====== Listed records ======

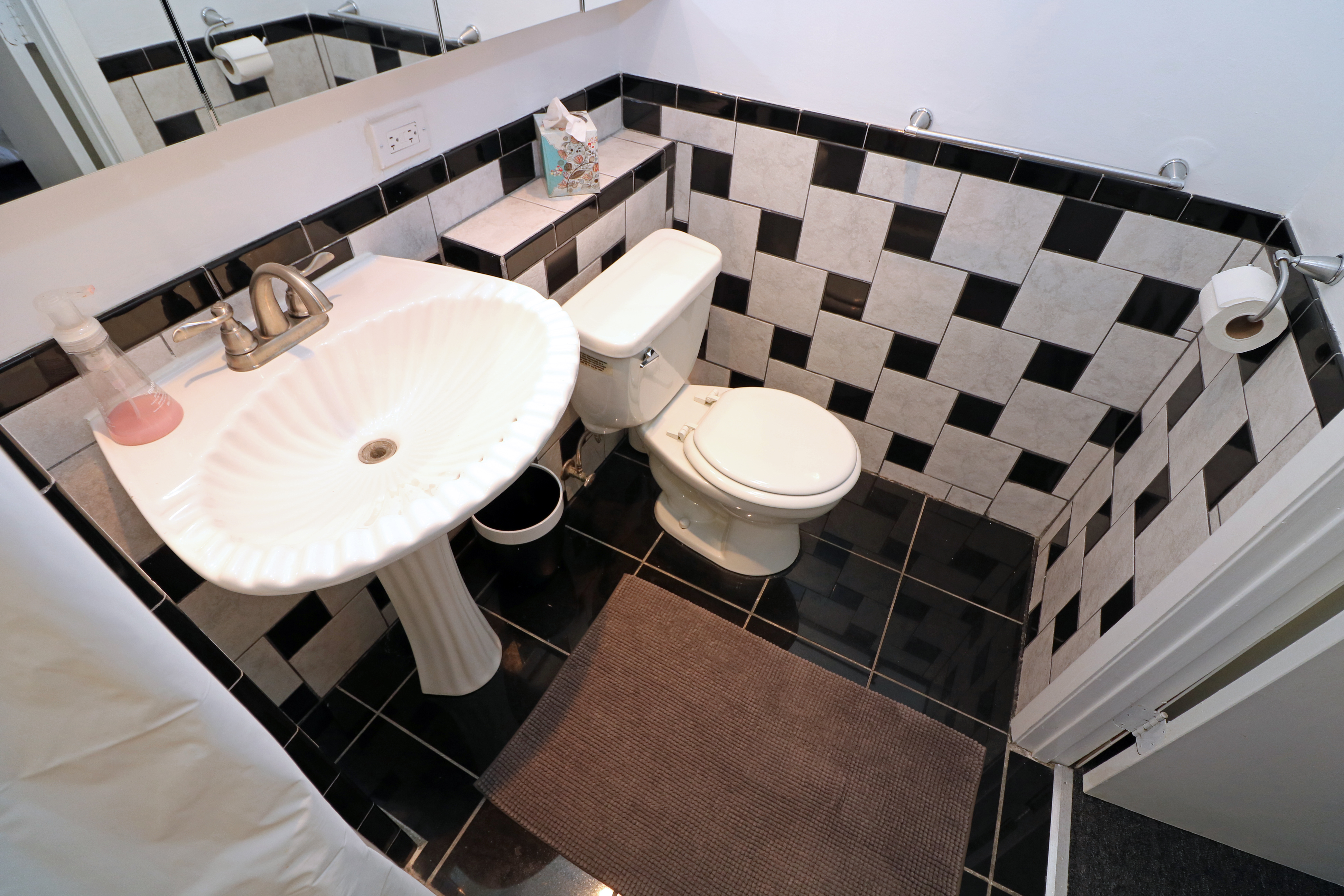 Bathroom Nr 1 with bathtub and shower combo. Glass partition wall installed for bath tub (not shown on this picture)
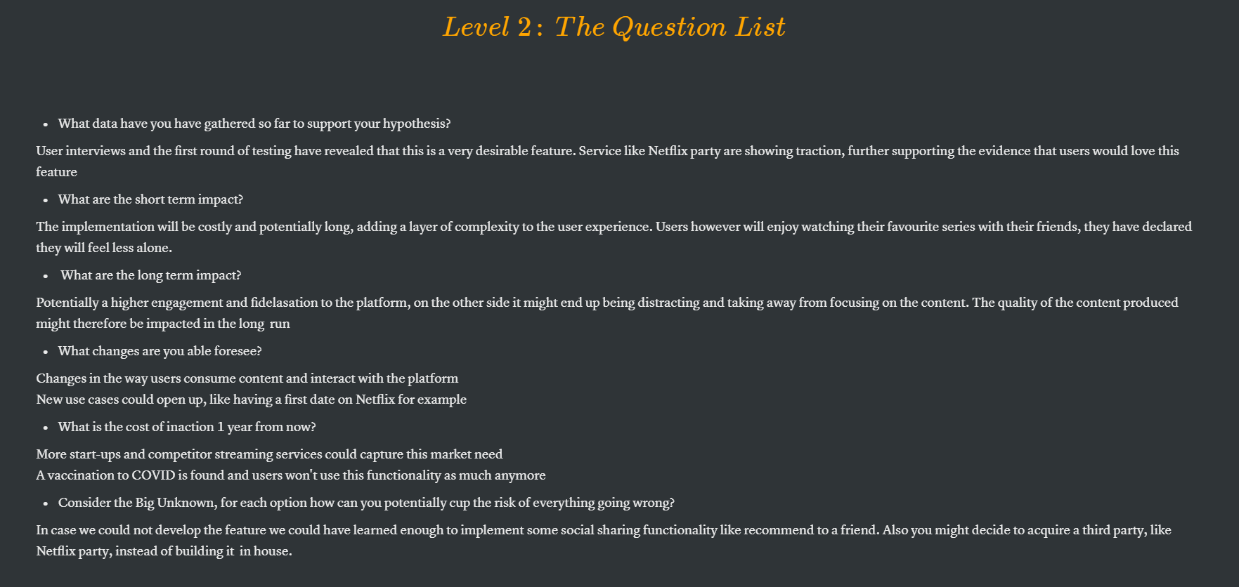 You are a Product Manager at Netflix. Since COVID-19 and social distancing, users are asking to add a functionality that will allow them to watch their favorite Netflix shows with their friends and loved ones remotely, inside the platform. You are thinking about a built-in video call system that will allow users to interact with each other on the platform while watching a show. While this sounds tempting, you are afraid that this functionality will distract users from enjoying the content. Furthermore, in the absence of social distancing, users might not want this functionality anymore, and you will have needlessly spent time, energy, and resources.
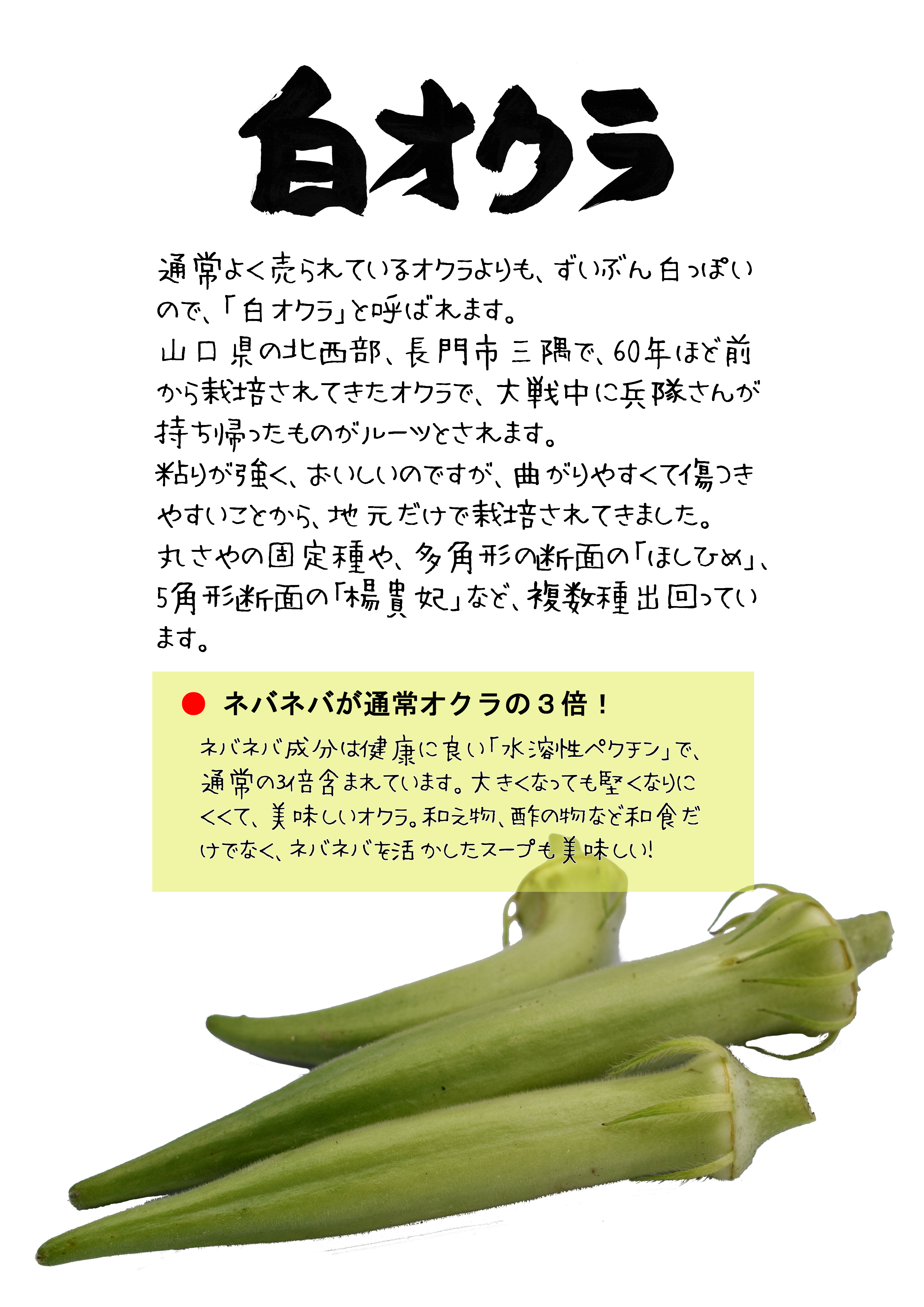 通常みる緑のオクラよりも、ずいぶん白っぽいので、真っ白くはないのですが、「白オクラ」と呼ばれます。
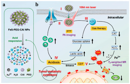 (a) Degradation behavior and (b) tumor therapy mechanism of FeS-PEG-CAI NPs [72]. Copyright 2022 American Chemical Society.
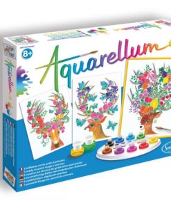 Aquarellum to technika malarska, dzięki której można samodzielnie namalować perfekcyjne obrazy akwarelowe. Elementy obrazków zawartych w zestawie są otoczone lekko wypukłymi konturami, dzięki czemu można prowadzić pędzel, nie wychodząc poza obrys elementu. W miarę zamalowywania kolejnych części obrazka pojawiają się mikromotywy dekoracyjne. Uzyskany efekt daje wrażenie niezwykłej finezji, podczas gdy osiąga się go bez większej trudności. Ułatwienia te pozwalają popuścić wodze wyobraźni kolorystycznej. Za pomocą pipety można na palecie mieszać ze sobą tusze, tworząc tym samym nieskończenie wiele kolorów i odcieni. W zestawie znajduje się podpowiedź jakie kolory ze sobą połączyć aby uzyskać np. brązowy, szary, fioletowy itd. Zestaw Aquarellum to idealna zabawka dla starszych dzieci, producent podaje, że w w wieku od 8 lat, natomiast ogarnięte i lubiące plastyczne zajęcia 6 latki też poradzą sobie z tą zabawką.
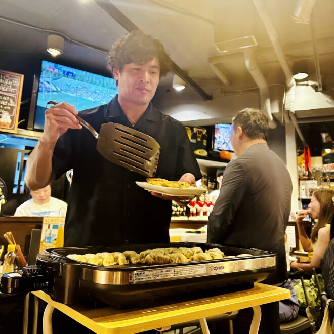 九条ねぎ餃子は大畑がいちアスリートの枠を超えて食材の選定から完成までを監修したオリジナル商品。
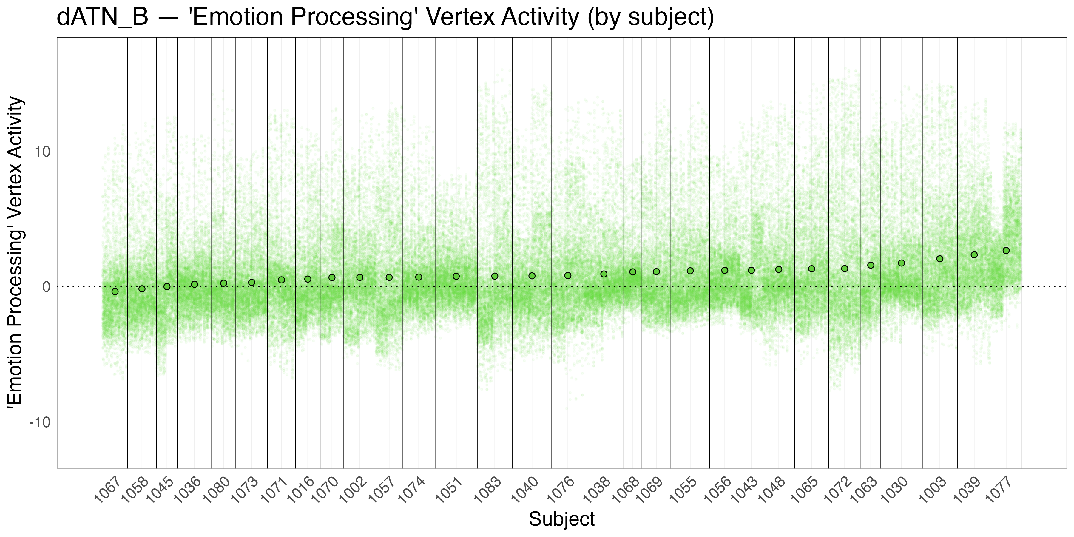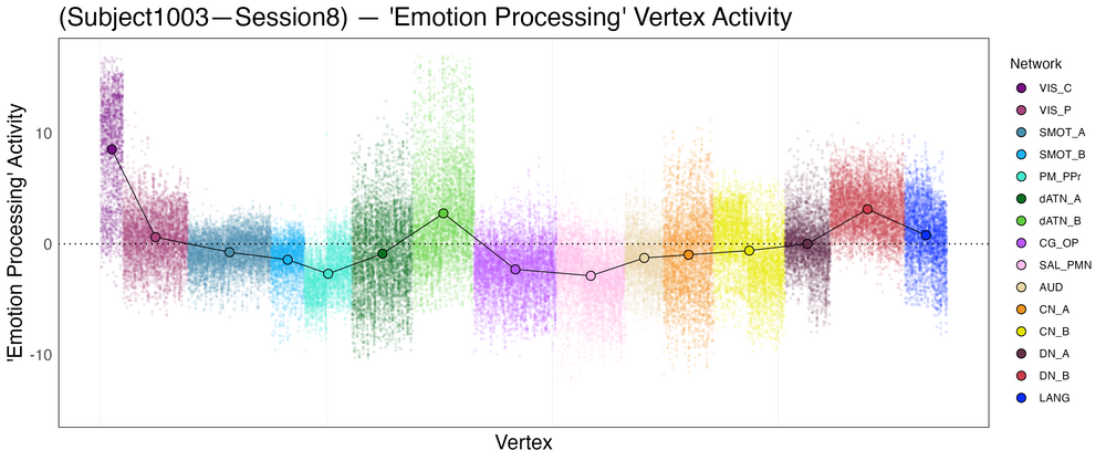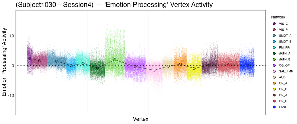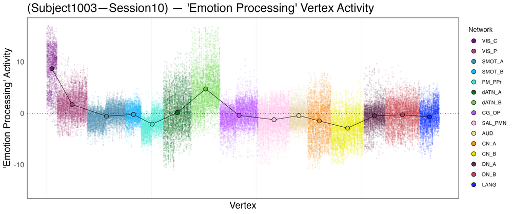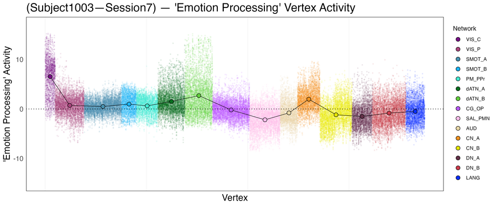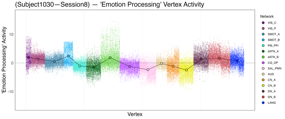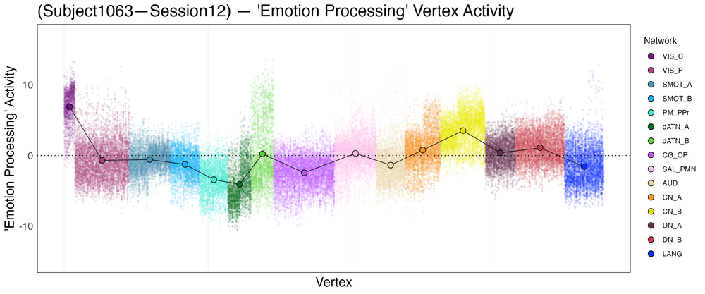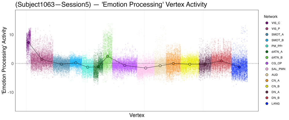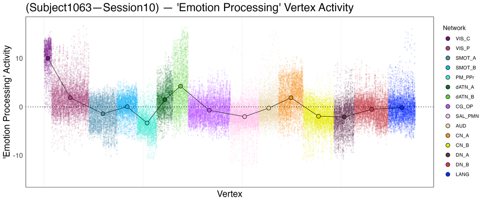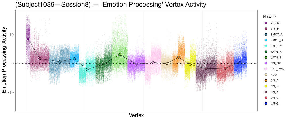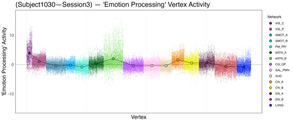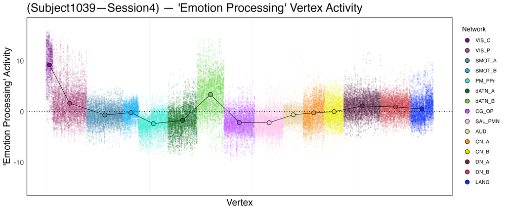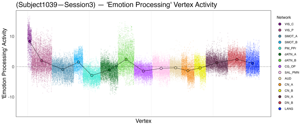 I will begin by simply visualizing the vertex-level activity for a set of sessions from a subset of subjects. For the sake of brevity, I will only examine vertex activity for the ‘emotion processing’ activity within the individualized networks. Below, you will see the vertex activity plotted by network . In these vertex activity plots, you will be able to see the distribution of activity across all vertices that fall within a given network. Below each vertex activity plot, you will see the network-activity overlays, where images of the actual ‘emotion processing’ activity (for the given session) is displayed with each network boundary (black outline) overlayed on top. You will be able to click through the various networks to examine the extent to which the observed activity is bounded by a given network. These two visualization techniques will allow you to gain a visual intuition for how activity during ‘emotion processing’ manifests.

======

Write out the records in full and exactly, omitting the pictures they hold.

 Bathroom Nr 1 with bathtub and shower combo. Glass partition wall installed for bath tub (not shown on this picture)
 You are a Product Manager at Netflix. Since COVID-19 and social distancing, users are asking to add a functionality that will allow them to watch their favorite Netflix shows with their friends and loved ones remotely, inside the platform. You are thinking about a built-in video call system that will allow users to interact with each other on the platform while watching a show. While this sounds tempting, you are afraid that this functionality will distract users from enjoying the content. Furthermore, in the absence of social distancing, users might not want this functionality anymore, and you will have needlessly spent time, energy, and resources.
 通常みる緑のオクラよりも、ずいぶん白っぽいので、真っ白くはないのですが、「白オクラ」と呼ばれます。
 (a) Degradation behavior and (b) tumor therapy mechanism of FeS-PEG-CAI NPs [72]. Copyright 2022 American Chemical Society.
 Aquarellum to technika malarska, dzięki której można samodzielnie namalować perfekcyjne obrazy akwarelowe. Elementy obrazków zawartych w zestawie są otoczone lekko wypukłymi konturami, dzięki czemu można prowadzić pędzel, nie wychodząc poza obrys elementu. W miarę zamalowywania kolejnych części obrazka pojawiają się mikromotywy dekoracyjne. Uzyskany efekt daje wrażenie niezwykłej finezji, podczas gdy osiąga się go bez większej trudności. Ułatwienia te pozwalają popuścić wodze wyobraźni kolorystycznej. Za pomocą pipety można na palecie mieszać ze sobą tusze, tworząc tym samym nieskończenie wiele kolorów i odcieni. W zestawie znajduje się podpowiedź jakie kolory ze sobą połączyć aby uzyskać np. brązowy, szary, fioletowy itd. Zestaw Aquarellum to idealna zabawka dla starszych dzieci, producent podaje, że w w wieku od 8 lat, natomiast ogarnięte i lubiące plastyczne zajęcia 6 latki też poradzą sobie z tą zabawką.
 九条ねぎ餃子は大畑がいちアスリートの枠を超えて食材の選定から完成までを監修したオリジナル商品。
 I will begin by simply visualizing the vertex-level activity for a set of sessions from a subset of subjects. For the sake of brevity, I will only examine vertex activity for the ‘emotion processing’ activity within the individualized networks. Below, you will see the vertex activity plotted by network . In these vertex activity plots, you will be able to see the distribution of activity across all vertices that fall within a given network. Below each vertex activity plot, you will see the network-activity overlays, where images of the actual ‘emotion processing’ activity (for the given session) is displayed with each network boundary (black outline) overlayed on top. You will be able to click through the various networks to examine the extent to which the observed activity is bounded by a given network. These two visualization techniques will allow you to gain a visual intuition for how activity during ‘emotion processing’ manifests.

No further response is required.